__DATA EXTRACT__
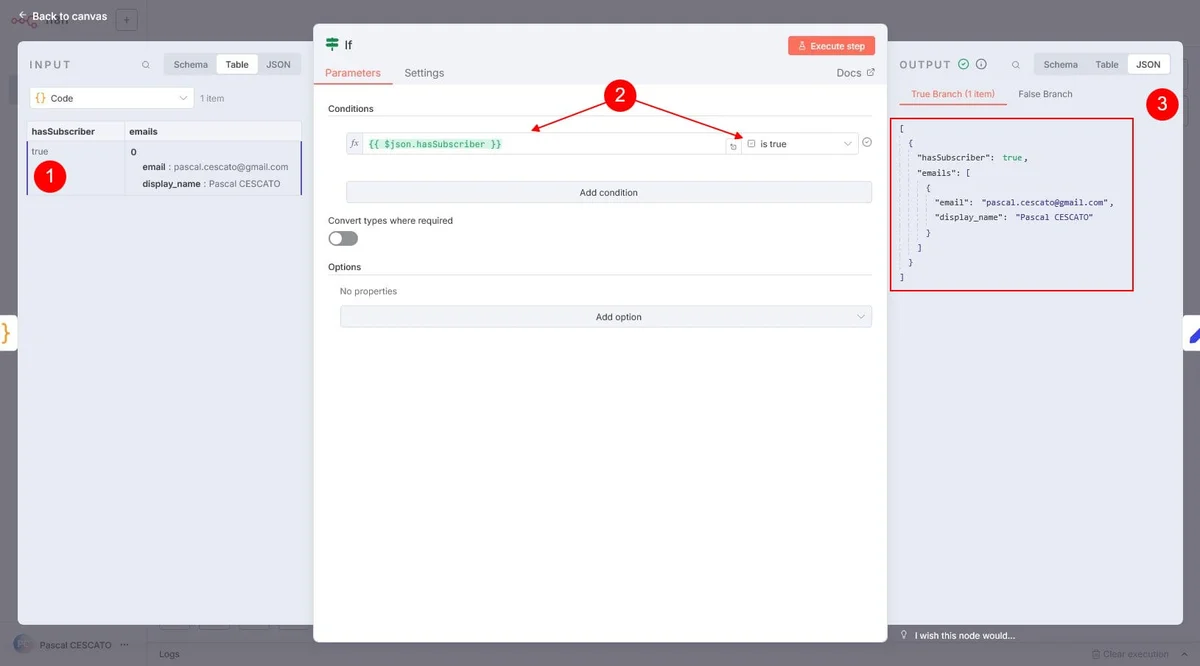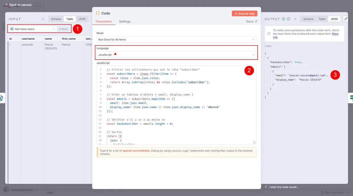 // Filtrer les utilisateurs qui ont le rôle "subscriber"const subscribers = items.filter(item => {const roles = item.json.roles;return Array.isArray(roles) && roles.includes('subscriber');});// Créer un tableau d'objets { email, display_name }const emails = subscribers.map(item => ({email: item.json.email,display_name: item.json.name || item.json.display_name || 'Abonné'}));// Vérifier s'il y en a au moins unconst hasSubscriber = emails.length > 0;// Sortiereturn [{json: {hasSubscriber,emails // <-- maintenant un tableau d'objets [{email, display_name}, ...]}}];Et tu obtiens un tableau json des abonnés et de leurs noms. Utile pour envoyer un email personnalisé. Et pour vérifier qu’il y a au moins un abonné. Ce qui nous emmène au point suivant…
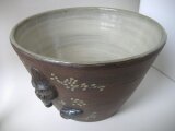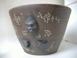 外側を灰釉掛け、内側を透明釉掛けし1240度で焼き上げ、煙で燻して黒くしています。
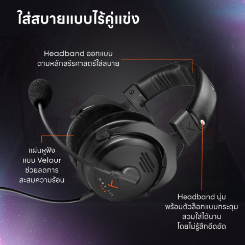 ใส่สบายต่อเนื่อง ด้วยแผ่นรองหูผ้ากำมะหยี่ (Velour) + เมมโมรี่โฟม พร้อมรอยเว้าลดแรงกดบริเวณกระหม่อม ช่วยลดอาการล้าเมื่อใส่นาน
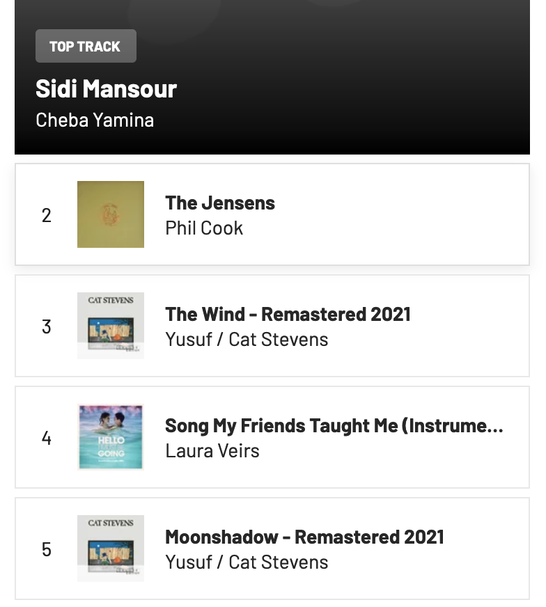 When I traveled to New York City in April, 2022, I had a pretty uniquely New York experience when I went out to lunch. I walked around and stopped by an Egyptian restaurant that made wraps and the song playing there was Sidi Mansour by Cheba Yamina, since then the song has been a pretty popular song for me. The rest of the top songs and the rest don’t really follow the upbeat and dance vibe.
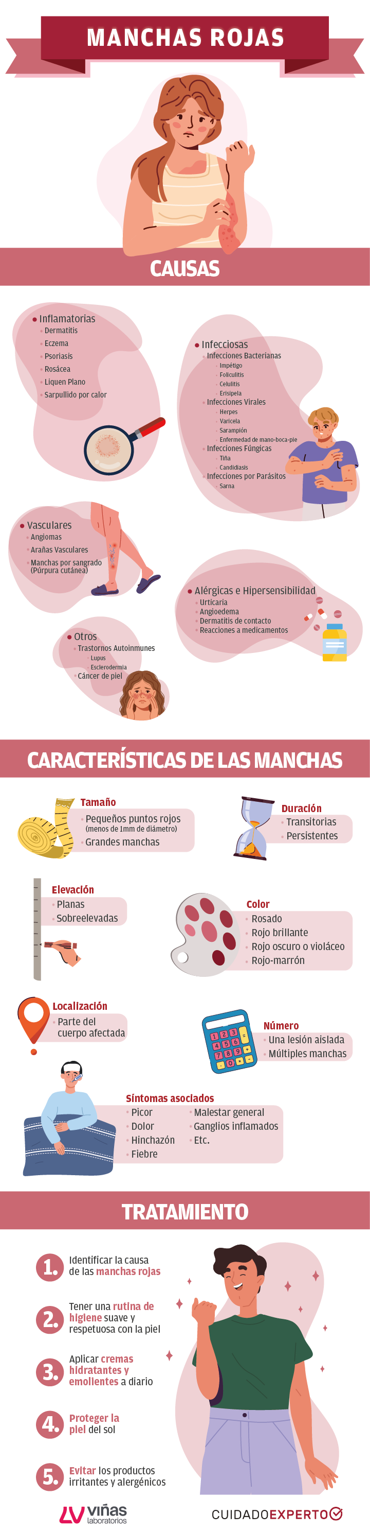 En esta infografía se muestran las posibles causas de las manchas rojas en la piel, los diferentes tipos y cuál debe ser su tratamiento.
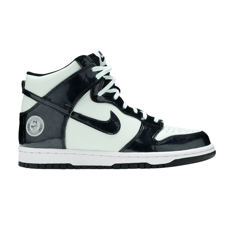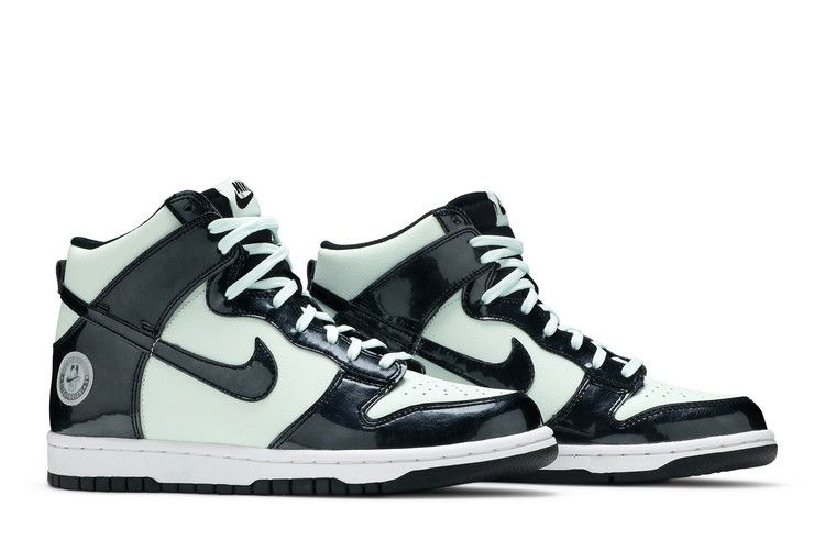 The Nike Dunk High SE All-Star 2021 GS features a white, green, and black color scheme with leather, suede, and rubber construction. It includes dual Swooshes meeting at the heel,...
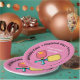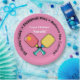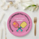 Birthday Cake + Pickleball Play = Balance the Calories! + NAME Cool pink Paper Plates with crossed pickleball paddles and yellow pickleball. Custom text and background color
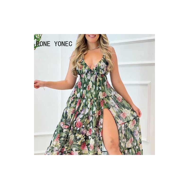 Women Elegant Spaghetti Straps Backless Deep V Neck Sexy All Over Print Maxi Summer Beach Vacation Dresses
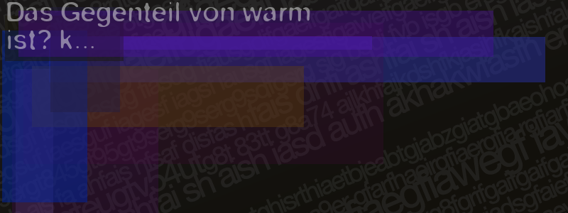 Die Visuelle Bestätigung hilft dabei automatische Spambots und Scripte von den Diensten dieses Forums abzuhalten. Derartige Scripte sind normalerweise nicht in der Lage den untenstehenden Code zu erkennen. Bitte geben Sie also in das untenstehende Feld die Buchstaben und Zahlen ein, die Sie in dem Bild erkennen können oder beantworten Sie die angezeigte Frage.

__PROBLEM REQUIREMENTS__
Your answer must be the exact lines from the records above, from the one containing "外側を灰釉掛け、内側を透明釉" through the one containing "ใส่สบายต่อเนื่อง ด้วยแผ่นรองหูผ้ากำมะหยี่ (Velour)", both included, with every picture left out.

__EXERCISE RESPONSE__
 外側を灰釉掛け、内側を透明釉掛けし1240度で焼き上げ、煙で燻して黒くしています。
 ใส่สบายต่อเนื่อง ด้วยแผ่นรองหูผ้ากำมะหยี่ (Velour) + เมมโมรี่โฟม พร้อมรอยเว้าลดแรงกดบริเวณกระหม่อม ช่วยลดอาการล้าเมื่อใส่นาน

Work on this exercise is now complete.